UOB Kay Hian (UOBKH) has released its latest regional investment strategies for June 2025, focusing on Greater China, Indonesia, Malaysia, and Singapore. The report highlights manageable pressure in China’s property market and improved tourism and retail sales momentum in Hong Kong. In Indonesia, UOBKH’s Alpha Picks showed strong performances in May, except for GOTO and BUKA. Meanwhile, Malaysia’s CIMB Group reported first-quarter earnings in line with expectations, supported by lower provisions, whilst Mah Sing Group’s results were within expectations despite slower progress in its data centre ventures. In Singapore, UOBKH’s Alpha Picks outperformed the Straits Times Index (STI) by 5.4 percentage points in May.
In Greater China, UOBKH notes that the property market remains under manageable pressure, with Hong Kong experiencing a boost in tourism and retail sales. This positive momentum is expected to continue, providing a favourable environment for investors.
Indonesia’s Alpha Picks portfolio performed well in May, with most stocks showing positive results. However, GOTO and BUKA were exceptions, underperforming during the period. The report suggests that investors should remain cautious but optimistic about the region’s potential.
In Malaysia, CIMB Group’s first-quarter earnings met expectations, driven by reduced provisions. The bank maintains a “Hold” rating due to regional headwinds, with a target price of $1.63 (RM7.70).
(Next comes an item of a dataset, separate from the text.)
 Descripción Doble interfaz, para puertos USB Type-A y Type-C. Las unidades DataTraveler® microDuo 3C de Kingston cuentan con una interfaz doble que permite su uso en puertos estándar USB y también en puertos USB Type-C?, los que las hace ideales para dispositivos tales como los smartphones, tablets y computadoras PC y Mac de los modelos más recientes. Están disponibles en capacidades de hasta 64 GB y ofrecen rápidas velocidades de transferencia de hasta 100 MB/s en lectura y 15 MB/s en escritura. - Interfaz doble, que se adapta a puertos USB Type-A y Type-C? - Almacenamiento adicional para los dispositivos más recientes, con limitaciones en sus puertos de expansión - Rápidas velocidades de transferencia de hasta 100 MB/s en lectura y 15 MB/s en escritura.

Mah Sing Group’s property segment is expected to remain resilient, despite slower-than-anticipated progress in its data centre ventures.
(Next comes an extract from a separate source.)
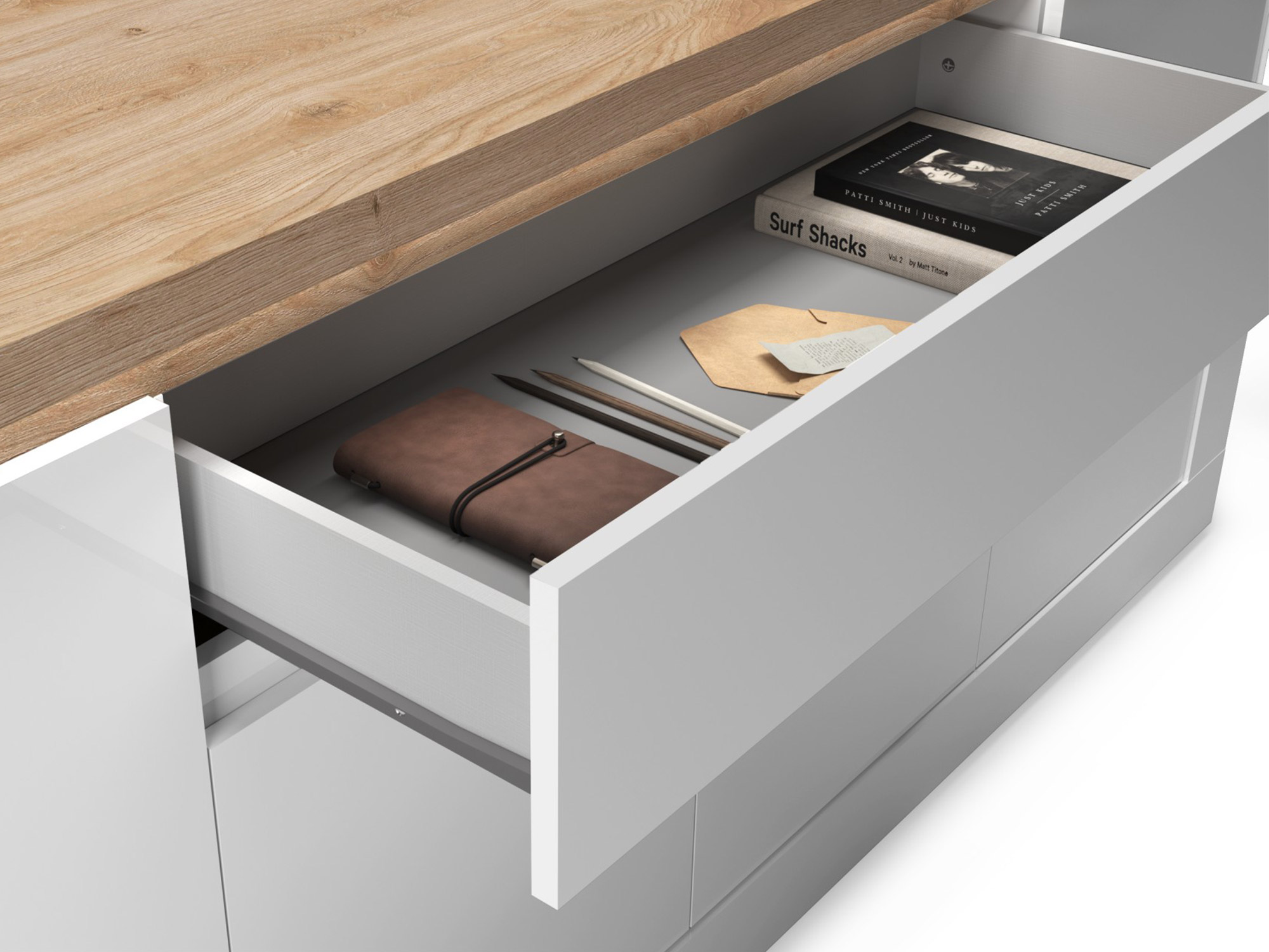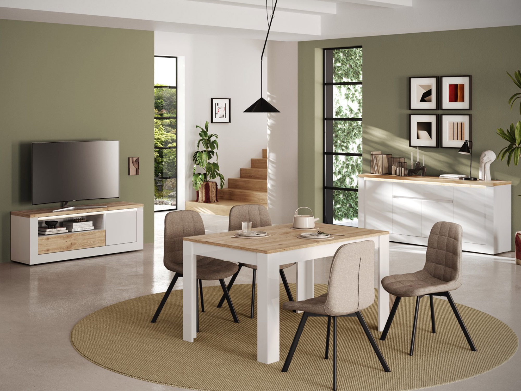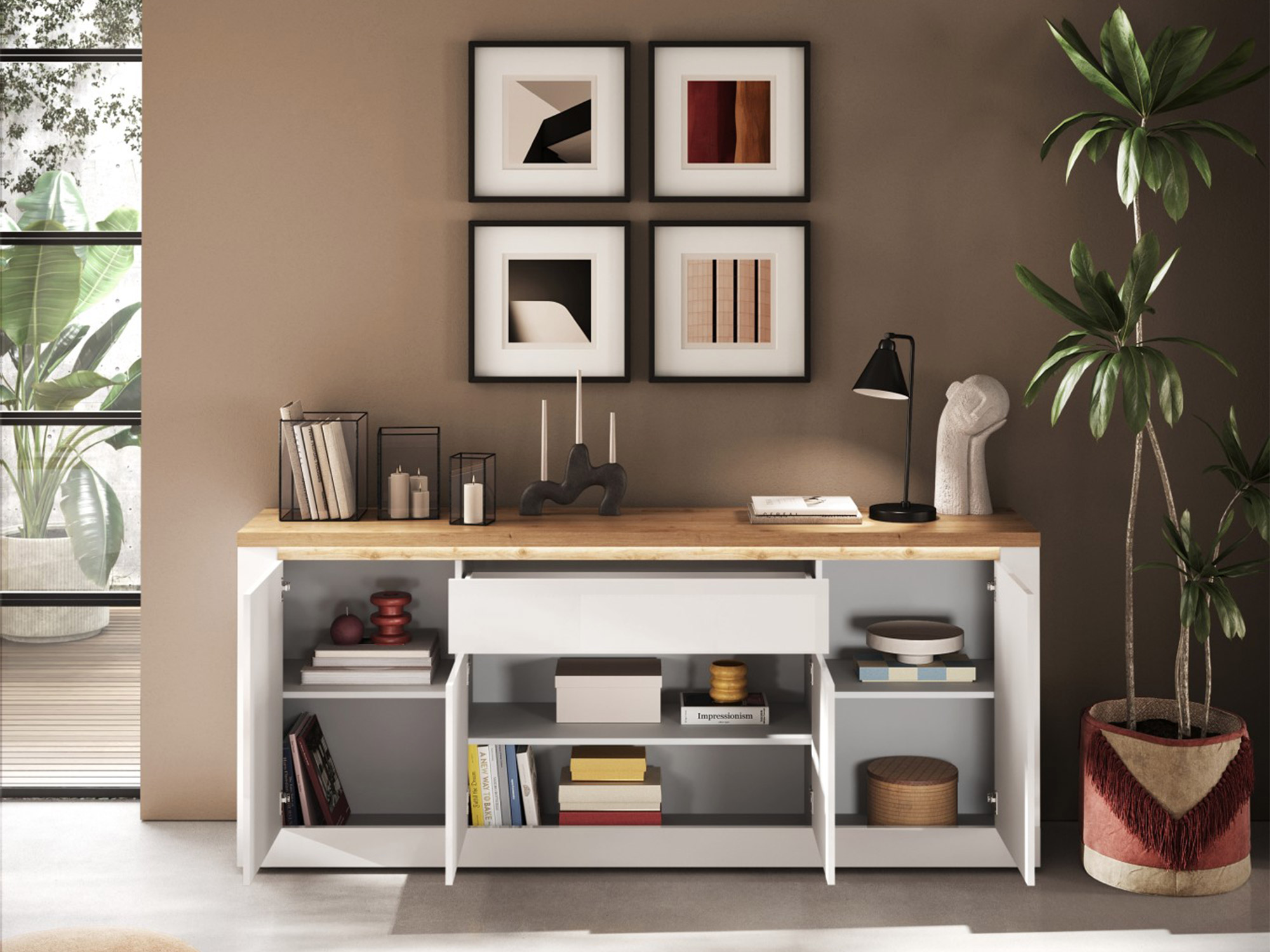 Structure et façades en agglomere de bois, épaisseur 16mm, finition blanc laqué brilliant/chêne bois naturel Cadiz.

Singapore’s Alpha Picks portfolio outperformed the STI, with a notable 5.4 percentage point lead. UOBKH recommends adding stocks such as CD, CSSC, FRKN, FEH, and IFAST, whilst removing SCI, MPM, OTEK, and SIE from the portfolio.
Overall, UOBKH’s strategies reflect a cautious yet optimistic outlook across the regions, with specific stock recommendations aimed at capitalising on market trends and opportunities.